» **Activity**
Apart from the pictures, every entry below should be repeated exactly.

(Data extracted from a collection)
"""

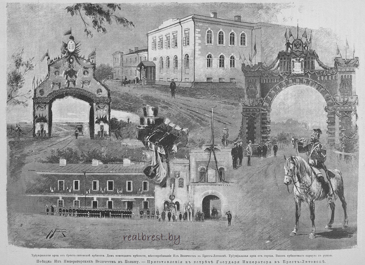 На пути следования в крепость были воздвигнуты две большие триумфальные арки: первая – от города, вторая – от крепости; крепостная арка была украшена различными военными доспехами. Близ городских триумфальных ворот стояли ученики брестской прогимназии, за ними находились ученицы четырехклассного женского пансиона с начальницею, госпожой Грасман; далее - ученики и ученицы местных приходских школ; мальчики были одеты в красные рубашки. Ученики и ученицы усыпали путь императорского кортежа цветами. При громе орудий император прибыл в крепость. Прежде всего, Александр III посетил крепостной собор, где был встречен местным духовенством. В крепости, возле собора, находились ученицы и ученики крепостного приходского училища. Из собора он проследовал в комендантский дом, у которого был выставлен почётный караул от лейб-бородинского пехотного полка, в полном составе роты со знаменем и музыкой. Александр III, приняв рапорт, поздоровался с караулом, прошёл по его фронту и пропустил роту церемониальным маршем по отделениям. Затем в комендантском доме, в три часа дня, состоялся завтрак, после которого император с лицами свиты посетили брест-литовский военный госпиталь, где сперва посетили церковь; местный священник встретил августейших особ с крестом и святою водою. Александр III обошёл все палаты и поговорил с больными, всех больных в этот день было 158 человек. Из госпиталя все отправились на военную племенную голубиную станцию, где разводились почтовые голуби для военных целей. Станция находилась под управлением подполковника Якова Ивановича Петерсона, во время посещения станции количество голубей достигало 351. В присутствии Александр III было выпущено с этой станции на другую 43 голубя. После этого император с лицами свиты проехали и осмотрели военную брест-литовскую паровую пекарню; а отсюда направились в экипажах на форт и присутствовали при вооружении его крепостною артиллериею. Вооружение форта происходило быстро, и очень скоро последовали выстрелы из орудий.
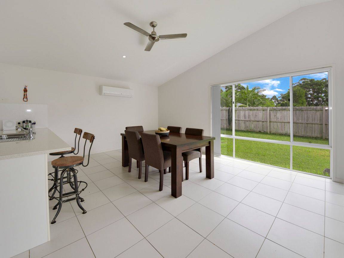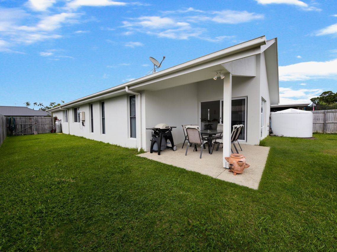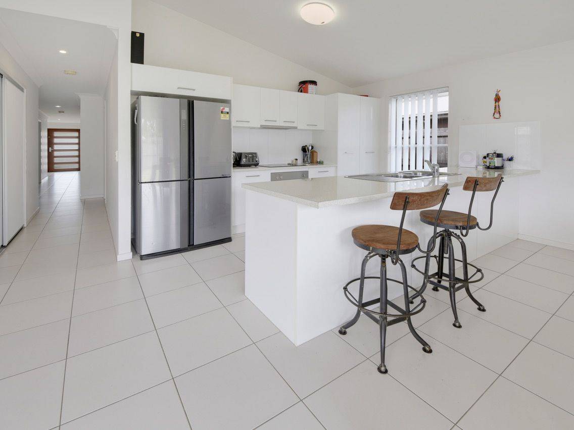 Internally, the property features four spacious bedrooms all with ceiling fans. The tiled kitchen + living area is open plan, with plenty of room for the whole family to occupy the space together. This space is also air conditioned for comfort in the hot summer months.
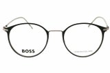 Montura de gafas marca HUGO BOSS con forma Redonda estilo de marco Al aire, de colores Negro, Plata
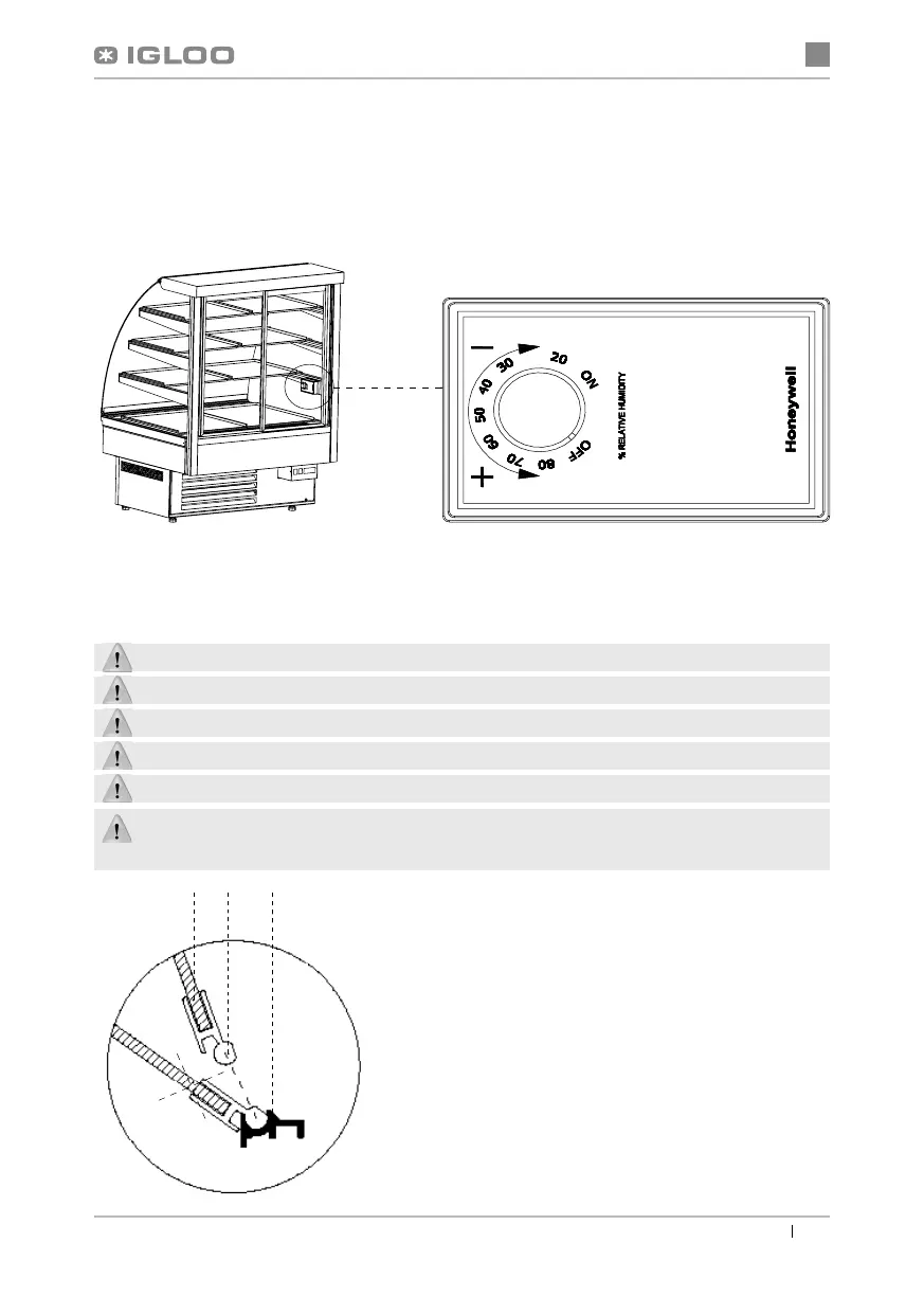 Гигростат предназначен для контролирования влажности, когда температура внутри витрины будет находиться в
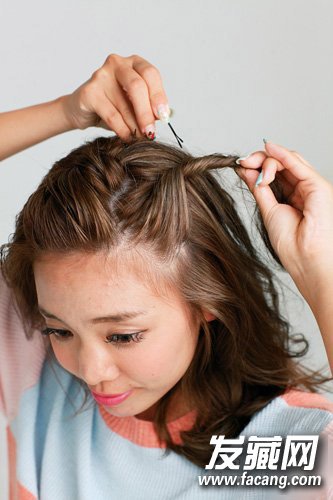 2,将步骤01的左右头发薄薄拉出,往后拧卷并在靠近01发卡的位置弄成小小的蓬巴度型。

"""

» **Problem solution**
 На пути следования в крепость были воздвигнуты две большие триумфальные арки: первая – от города, вторая – от крепости; крепостная арка была украшена различными военными доспехами. Близ городских триумфальных ворот стояли ученики брестской прогимназии, за ними находились ученицы четырехклассного женского пансиона с начальницею, госпожой Грасман; далее - ученики и ученицы местных приходских школ; мальчики были одеты в красные рубашки. Ученики и ученицы усыпали путь императорского кортежа цветами. При громе орудий император прибыл в крепость. Прежде всего, Александр III посетил крепостной собор, где был встречен местным духовенством. В крепости, возле собора, находились ученицы и ученики крепостного приходского училища. Из собора он проследовал в комендантский дом, у которого был выставлен почётный караул от лейб-бородинского пехотного полка, в полном составе роты со знаменем и музыкой. Александр III, приняв рапорт, поздоровался с караулом, прошёл по его фронту и пропустил роту церемониальным маршем по отделениям. Затем в комендантском доме, в три часа дня, состоялся завтрак, после которого император с лицами свиты посетили брест-литовский военный госпиталь, где сперва посетили церковь; местный священник встретил августейших особ с крестом и святою водою. Александр III обошёл все палаты и поговорил с больными, всех больных в этот день было 158 человек. Из госпиталя все отправились на военную племенную голубиную станцию, где разводились почтовые голуби для военных целей. Станция находилась под управлением подполковника Якова Ивановича Петерсона, во время посещения станции количество голубей достигало 351. В присутствии Александр III было выпущено с этой станции на другую 43 голубя. После этого император с лицами свиты проехали и осмотрели военную брест-литовскую паровую пекарню; а отсюда направились в экипажах на форт и присутствовали при вооружении его крепостною артиллериею. Вооружение форта происходило быстро, и очень скоро последовали выстрелы из орудий.
 Internally, the property features four spacious bedrooms all with ceiling fans. The tiled kitchen + living area is open plan, with plenty of room for the whole family to occupy the space together. This space is also air conditioned for comfort in the hot summer months.
 Montura de gafas marca HUGO BOSS con forma Redonda estilo de marco Al aire, de colores Negro, Plata
 Гигростат предназначен для контролирования влажности, когда температура внутри витрины будет находиться в
 2,将步骤01的左右头发薄薄拉出,往后拧卷并在靠近01发卡的位置弄成小小的蓬巴度型。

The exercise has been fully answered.